▶ _What you should do_:
No pictures belong in the copy, but every line of the material below must be reproduced exactly.

▶ _Information shown_:
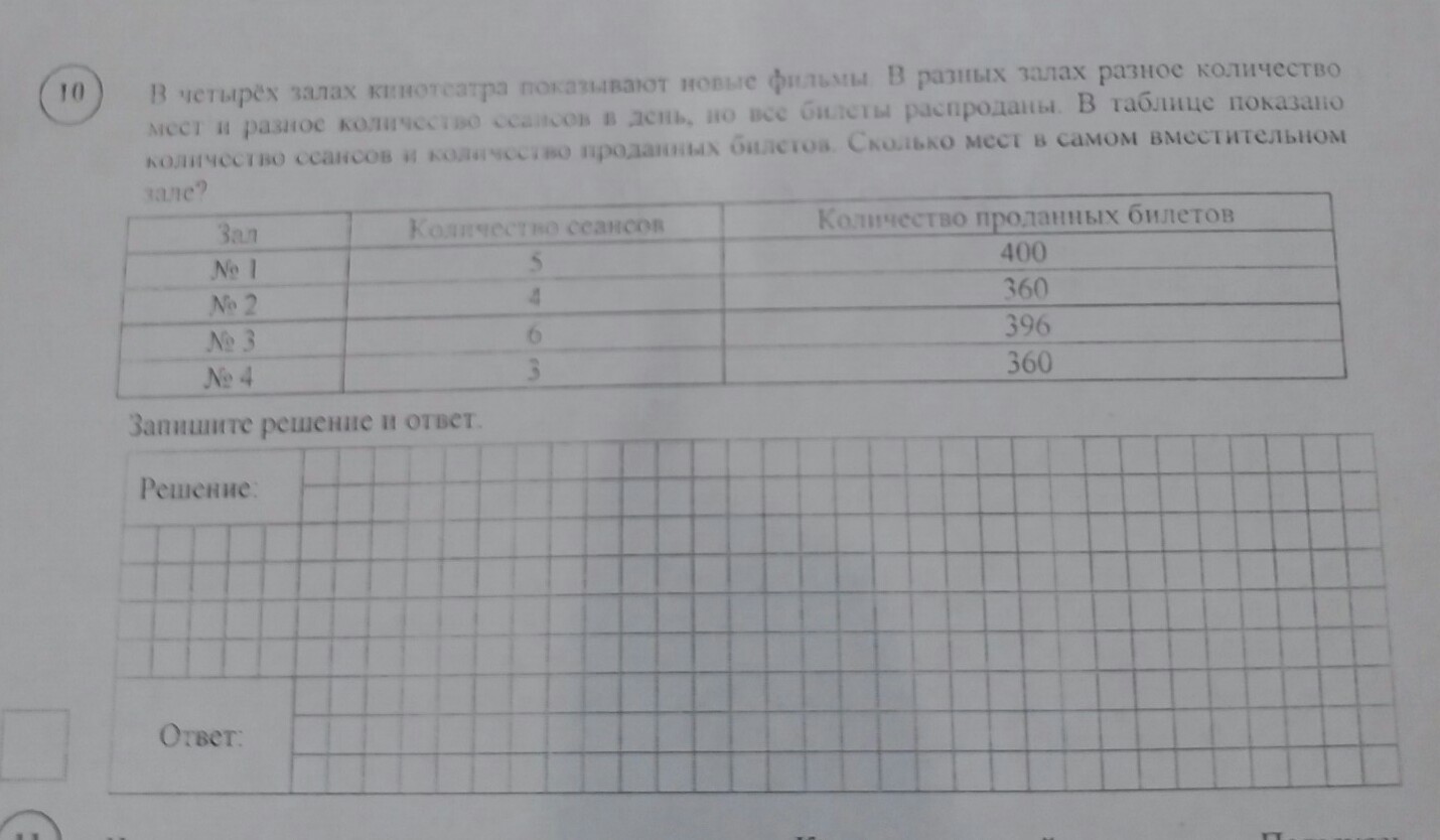 В четырёх залах кинотеатра показывают новые фильмы. В разных залах разное кол-во мест и разное количество сеансов в день, но все билеты распроданы. В таблице показано количество сеансов и количество билетов. Сколько мест в самом влестительном зале?
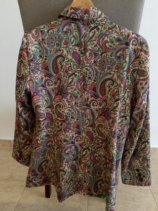 Preciosa chaqueta de la marca LINU, talla S. Es una prenda elegante y vistosa. - Diseño estampado con motivos florales y paisley. - Corte clásico de chaqueta blazer. - Forro interior verde. Estado: Sin usar. Talla S / 36 / 8 Marca LINU Color Multicolor
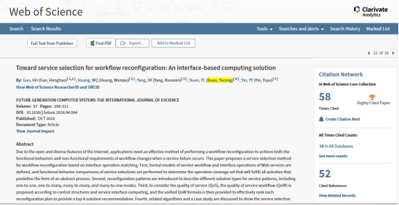 根据ESI数据库检索结果显示,以beat365在线唯一官网计算机与beat365在线唯一官网段玉聪教授作为主要作者发表的学术论文“Toward service selection for workflow reconfiguration: An interface-based computing solution”和“Research on Cost-Driven Services Composition in an Uncertain Environment”也入选ESI高被引论文。
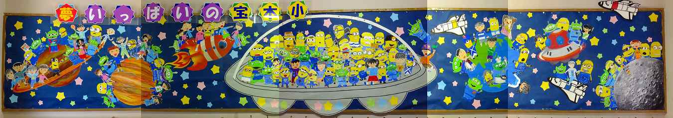 東昇降口から北校舎に入ると,1階の通路左手に見えるのが,この壁面です。「夢いっぱいの宝木小」のタイトルがついています。宇宙をテーマにした題材で,子供たち,ミニヨンとミスターグリーンマンが登場しています。UFO,ロケット,スペースシャトルに乗ったり,地球,木星,土星,月にも楽しい顔でまたがったりしています。(現在の5年生が4年生の終わりにみんなで一生懸命に作りました。)

▶ _Task result_:
 В четырёх залах кинотеатра показывают новые фильмы. В разных залах разное кол-во мест и разное количество сеансов в день, но все билеты распроданы. В таблице показано количество сеансов и количество билетов. Сколько мест в самом влестительном зале?
 Preciosa chaqueta de la marca LINU, talla S. Es una prenda elegante y vistosa. - Diseño estampado con motivos florales y paisley. - Corte clásico de chaqueta blazer. - Forro interior verde. Estado: Sin usar. Talla S / 36 / 8 Marca LINU Color Multicolor
 根据ESI数据库检索结果显示,以beat365在线唯一官网计算机与beat365在线唯一官网段玉聪教授作为主要作者发表的学术论文“Toward service selection for workflow reconfiguration: An interface-based computing solution”和“Research on Cost-Driven Services Composition in an Uncertain Environment”也入选ESI高被引论文。
 東昇降口から北校舎に入ると,1階の通路左手に見えるのが,この壁面です。「夢いっぱいの宝木小」のタイトルがついています。宇宙をテーマにした題材で,子供たち,ミニヨンとミスターグリーンマンが登場しています。UFO,ロケット,スペースシャトルに乗ったり,地球,木星,土星,月にも楽しい顔でまたがったりしています。(現在の5年生が4年生の終わりにみんなで一生懸命に作りました。)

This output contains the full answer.